As you can see, I had fun with this entry.
* “Your totem is… love!” “…Wut?”
* “I don’t blame the bear, Kenai!” Oh damn, son!
* Man vs nature, round two!
* Like Koda, Denahi makes for a good foil to Kenai. On the one hand, the spirits intervene and prevent Kenai from spiraling further down the dark and violent path he was on, regaining his better nature through his friendship with Koda, while Denahi has no one and eventually loses himself almost entirely. And on the other hand, Denahi is just barely spared having the stain of murder on his conscience, while Kenai has already passed that point and has to live with the guilt for the rest of his life.
* “That bear… over there… he’s crazy…” “I am not CRAZY!” “Wha- whoever said you were?”
* “You swear?” “Yeah” Kenai’s random valley girl voice.
* “Are you sure your mom didn’t ditch you, Kod-duh?” Oh wow, Kenai and Koda must just look back on that memory and cringe.
* “Tell everybody I’m on my way, new friends and new places to see! With blue skies ahead yes I’m on my way, and there’s no one else that I’d rather be!”
* Rutt and Tuke track down Kenai and Koda for protection from the hunter, unaware that one, they suck at fighting just as much they do, and two, they’re the ones Denahi is after. More irony.
* I never knew I wanted to see bears riding mammoths until this movie.
* “What was your brother’s name?” “Sitka” “Well, thanks Sitka, if it weren’t for you, I never would have met Kenai” Daw. I really do enjoy this first talk about Sitka. It’s a nice reminder that Kenai’s brother died only a few days ago and he hasn’t really dealt with it in healthy way yet. You’ll notice this is the point in the film where he starts to become less surly.
* “Tree” “No, you have to-” “Oh, it counts” “No, it-” ‘It counts!” “Fine …Tree” “Let’s just play something else”.
* “Enough with the stories, I don’t care about the time you and Binky found like, ‘the world’s biggest pine cone ever!'” “Okay, first, his name’s Bucky, not ‘Binky’. Second, it wasn’t a pine cone, it was a pine nut, and it was huge, even bigger than your fat head!”
* Denahi screeching ‘NO!’ is unintentionally hilarious.

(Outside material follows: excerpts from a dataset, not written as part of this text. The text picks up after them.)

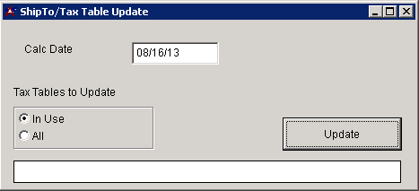 Now that we have an updated rate we can to the tax table update screen Maintain>> Sales Tax>> ShipTO/TaxTable Update. Select update and you're done!
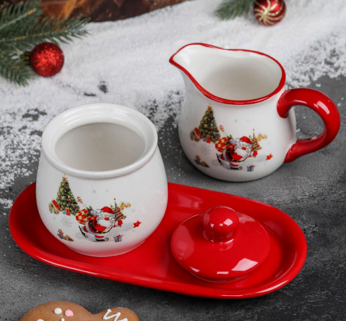 Набор новогодний «Навстречу Новому году», 2 предмета: молочник 270 мл, сахарница 310 мл - это нпрактичный Новогодний подарок, который украсит любой праздничный стол!
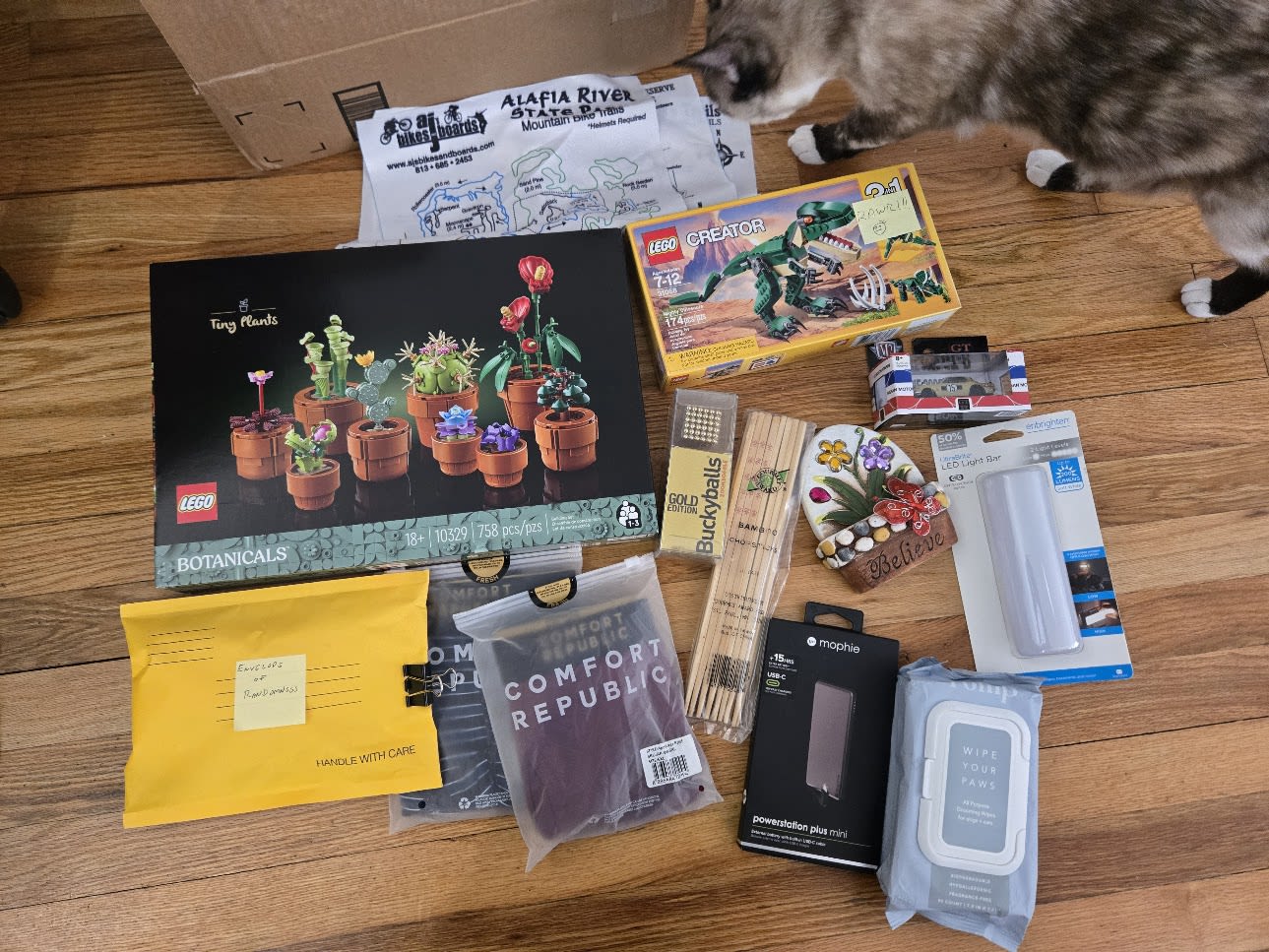 I realize I had set aside my goofy/goody items and didn’t put them in the box, so someone might be getting a supplemental package in a few days.

* Kenai’s screams of terror. Bless.
* “This has to be the most beautiful, the most peaceful place I’ve ever been to, it’s nothing like I’ve ever seen before. When I think of how far I’ve come I can’t believe it, yet I see it. In them I see family, I see the way we used to be!”
* “This year, I lost my dear husband Edgar-” “Quit telling everyone I’m dead!” “Sometimes I can still hear his voice!” The birth of a meme.
* “If only Edgar was alive” “I told you, woman, I’m right here!”
* Kenai actually hits his lowest point twice in this movie, for different reasons. Once when he commits bear murder, and again when he has to tell Koda why his mom is gone. On that note, I do like the fake-out where it seems like Kenai has been killed trying to save Koda one last time, because in a different and perhaps lazier movie that would be the end of Kenai’s arc and his character development. Instead, “Brother Bear” opts for the better choice and lets him have to live with the consequences of his actions.
* “Sorry, you’ve been replaced by my dear brother… oh gee, I forgot your name. What’s your name, little bear?”
* “No, you shut up!” Poor stupid rams.
* “All the things that you can change, there’s a meaning in everything, and you will find all you need, there’s so much understand!”
* Y’know, there might actually be an in-universe explanation for why “Brother Bear” is a goofier film whenever Denahi’s not around. He’s telling this story, including the parts he couldn’t possibly know about because he wasn’t there and his brothers never actually told him anything (one of them was dead and mute, and the other one was busy at the time consoling Koda). He would have had to have filled in some blanks, including what he imagined the animal kingdom to be like. For all we know, the old man embellished quite a few details in this movie.
* Koda’s not quite as innocent as he looks, since he’s covering up a sentient fish massacre.